Watching the others leave was as strange as seeing them arrive--there were there one moment, gone the next, leaving her behind. She followed, heading in the direction they'd gone.

She hadn't gone more than a few steps when she saw a familiar figure for just a moment among the crowds of misty spirits. She paused, and turned, and she could see the figure of her father break away from the group and hurry towards her, taking on more solid form as he approached.

Nascha's heart thudded against her ribs. "Nascha, daughter!" he called, smiling.

She swallowed down tears. It was so good to see him again, see the familiar face and the wrapped braids she'd loved to pull on as a child. "I miss you," she said softly. "But I'm working on getting Sakhyo and Nastas out."

"I understand, Nascha." Her father smiled gently. "You have a strange life set before you, but I knew that."

"I never expected to become what I have. But it was necessary." She felt strange; of all the people who she thought might not approve, her father was first. He had always been so protective of her, usually unnecessarily so. She had been his only living child, though, and she knew it was because he'd feared losing her as he'd lost both of his young sons.

But he didn't seem angry, or even particularly worried. "It was. How does it feel?"

"Very strange. Having seven other people talking in my head is overwhelming. But there are some things that are fun, and I think I'm starting to get used to the rest."

"Remember to live," he said, and his voice was unexpectedly grave.

Nascha fell silent for a moment, and felt something cold inside of her moving. "That's hard for me to remember, right now. I don't really want to." She couldn't think of a future beyond rescuing Sakhyo and Nastas; every time she did, the cold things got worse and tears threatened to overwhelm her.
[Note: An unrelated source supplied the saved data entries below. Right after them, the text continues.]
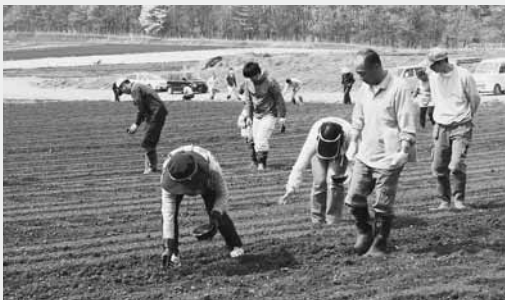
種まきに汗を流す村づくり協力委員の皆さん
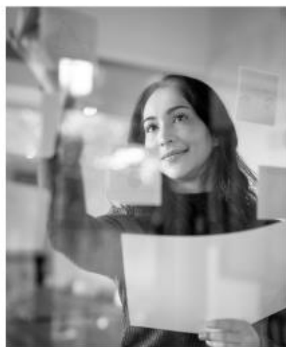
WSPÓŁPRACA Z OTOCZENIEM BLIŻSZYM I DALSZYM
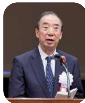
清家会長による挨拶

全社協 清家 篤 会長は、主催者挨拶において今後10年間の福祉関係者共通の取り組み方針として全社協が策定した「全社協 福祉ビジョン 2020」と軌を一にして全民児連が策定した「地域共生社会の実現に向けた民生委員・児童委員、民児協としての行動方針」(令和4年3月)にふれ、今後も社協と民生委員・児童委員が車の両輪となって、地域における福祉活動をけん引していけるよう、参加者に協力を要請しました。
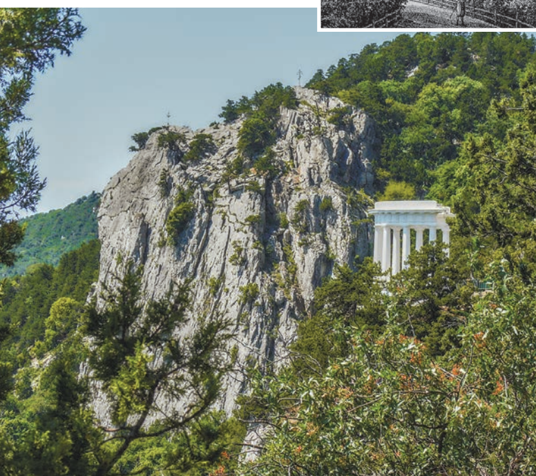
С Царской тропы вид на Крестовую скалу впечатляет.

Ялтинского горно-лесного заповедника, высадить на Крестовой новое деревце в память о преобразователях Тавриды.
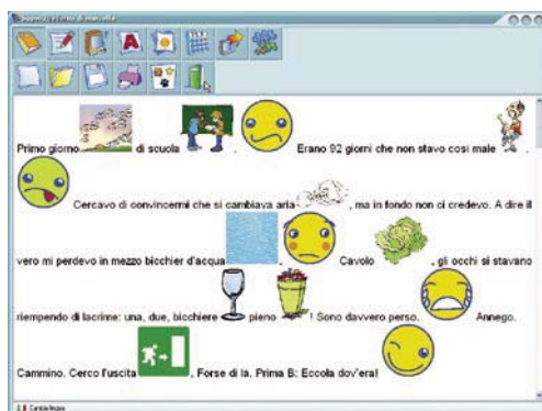
fig. 1 - Testo con immagini in SuperQuaderno

SuperQuaderno è un editor di testi multimediali realizzato per promuovere l'apprendimento della lettura e della scrittura, compensando le eventuali difficoltà con un quaderno digitale con testo, immagini e voce.
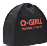
Чехол Cover-500 для O-Grill 500
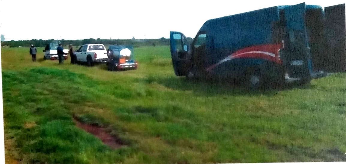
Slika 2. Tretman larvi komaraca iz vazduha Zrenjanin

Ciklonizacija AD, prvi tretman larvi komaraca iz vazduha u priobalju Tise sprovela je 15.05.2021. godine na teritoriji grada Zrenjanina na površini od 100 ha .
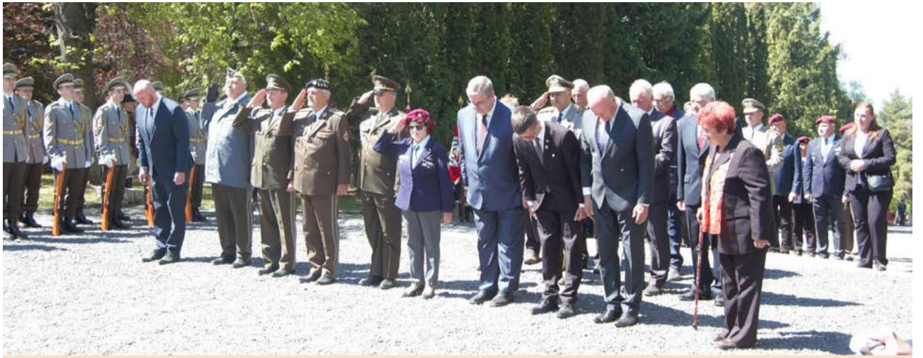
Delegácia SZPB sa poklonila pamiatke hrdinov.
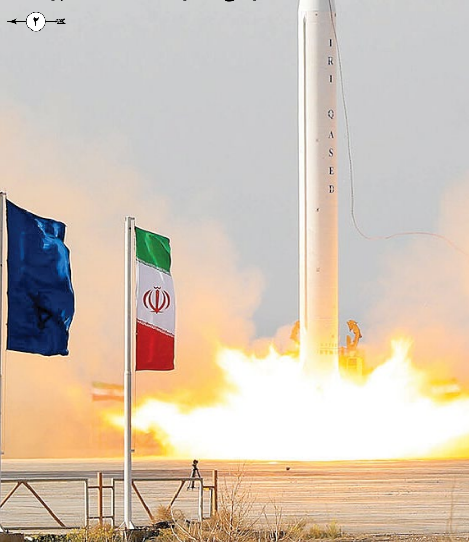
سومین ماهواره بومی نیروی هوافضای پاسداران انقلاب با نام «نور ۳» توسط ماهواره بر ترکیبی سه مرحله ای قاصد به فضا پرتاب شد
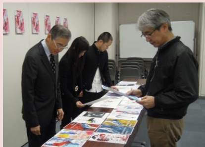
作品を審査する先生方
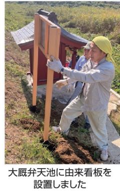
大蔵弁天池に由来看板を設置しました
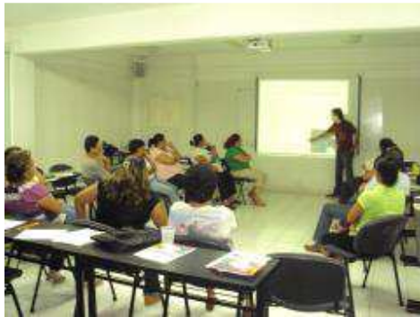
CURSOS ESCUELA PARA PADRES.
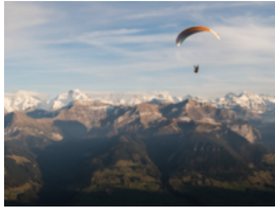
Das Berner Oberland ist ein beliebtes Ausflugsziel für verschiedene Freizeitsportler. Im Bild ein Gleitschirm vor Kulisse der Berner Alpen.
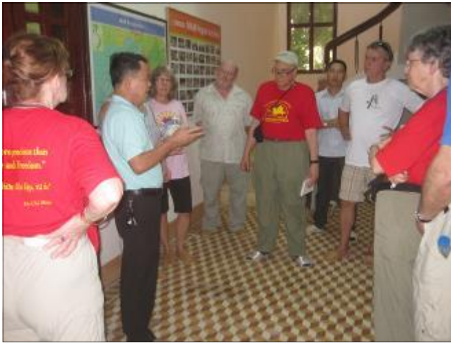
Đoàn Cựu chiến binh vì Hòa bình đến thăm Trung tâm Năm và tìm hiểu về hoạt động hỗ trợ của chương trình.
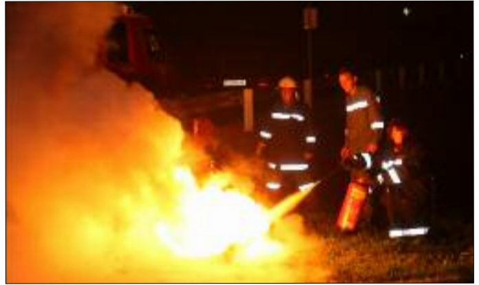
„Action“ bei der „Langen Nacht der Feuerwehr“

Auch die Kameradschaft kam im abgelaufenen Feuerwehrjahr nicht zu kurz. Neben den alljährlichen Fixpunkten - wie dem Florianikirchgang - veranstaltete die Feuerwehr Tessenberg unter anderem einen Dämmerstopp mit der MK Heinfels im Feuerwehrhaus. Eine Besonderheit stellte die „Lange Nacht der Feuerwehr“ am 1. September dar, welche landesweit stattfand und bei der auch unsere Feuerwehr die Pforten des Gerätehauses öffnete. Die Besucher hatten die Möglichkeit das Gerätehaus und die verschiedenen Gerätschaften bis ins kleinste Detail zu erkunden. Weiters bestand die Möglichkeit mittels Feuerlöscher einen Fettbrand zu löschen und so Feuerwehr einmal „hautnah“ zu erleben.
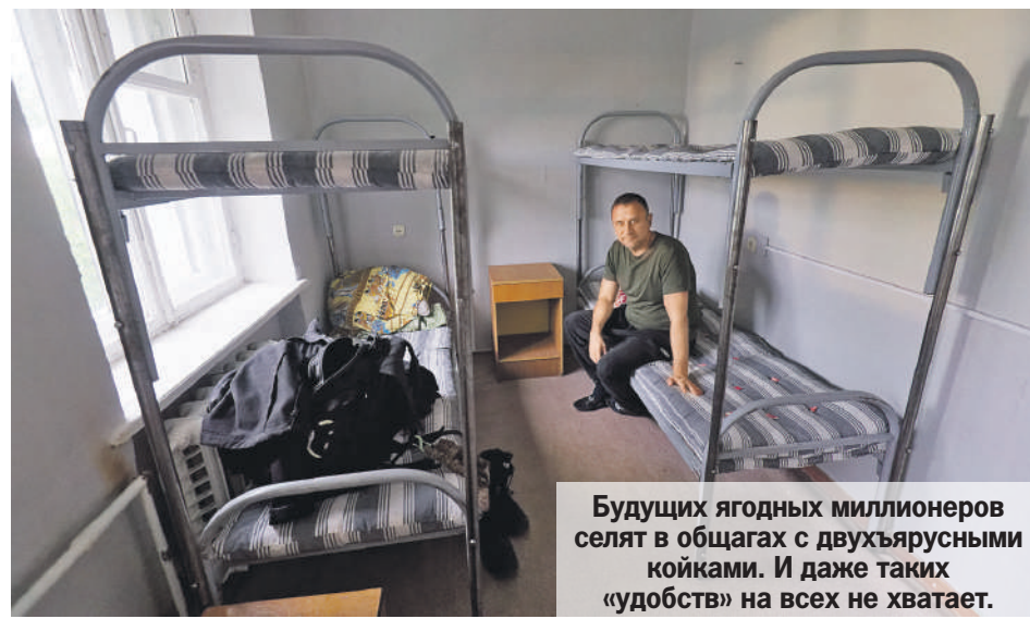
Будущих ягодных миллионеров селят в общежитиях с двухъярусными койками. И даже таких «удобств» на всех не хватает.
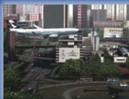
FlyTampa Hong Kong Kai-Tak Euro 27,-
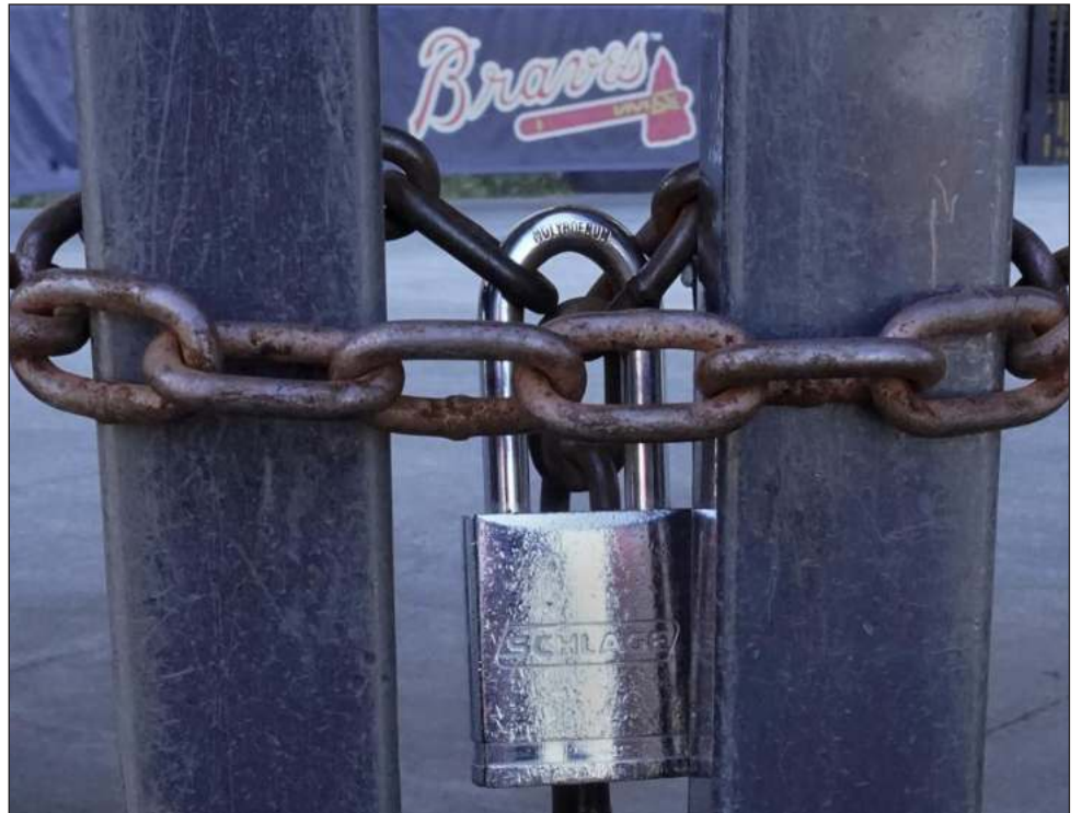
▲ Una cadena refuerza las rejas cerradas del Truist Park, casa de los Braves de Atlanta, campeones de la Serie Mundial.

Los jugadores rechazaron las tres opciones. En vez de ello, propusieron reducir la compensación para este año, que ambas partes accedan a un draft para el 15 de noviembre o que se regrese a la compensación para el receso entre campañas de 2022-23.
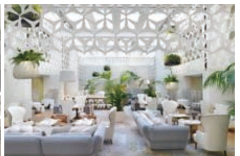
全て Mandarin Oriental Barcelona
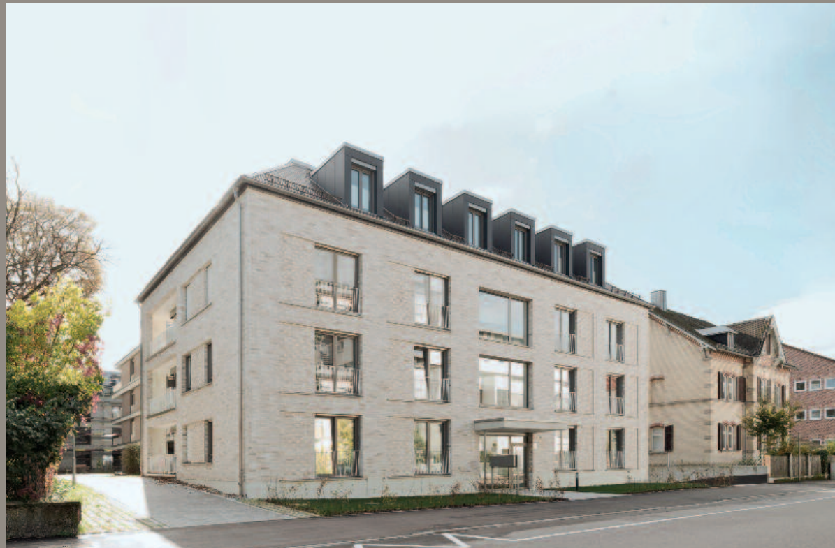
Mörikepark Schwäbisch Gmünd 22 Stadtwohnungen, Fertigstellung 2019
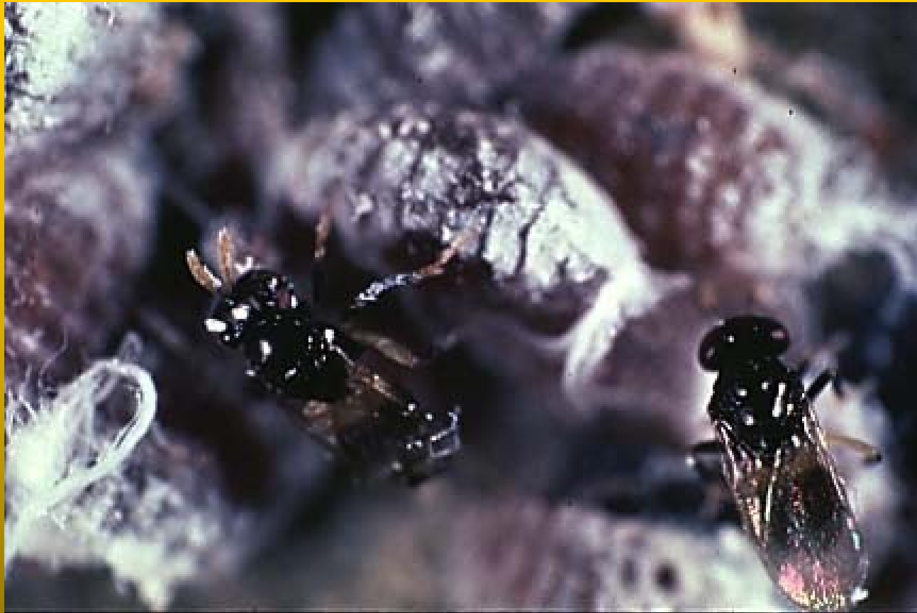
Aphelinus mali parasitoide del pulgón lanígero del manzano

She was a spiritwalker, and death apparently came all too soon for those like her.

Her father shook his head slowly. "Vengeance will sustain you for some time, but if that is all you are, then you will be Chogan."

"I'm hoping the worst of the grief will pass and I'll be able to find reasons to live past rescuing Sakhyo and Nastas," she said, and the pain that she heard in her voice surprised her. She had buried much of it in the work she was doing, but seeing her father again, hearing his calm voice, brought everything she had lost painfully back.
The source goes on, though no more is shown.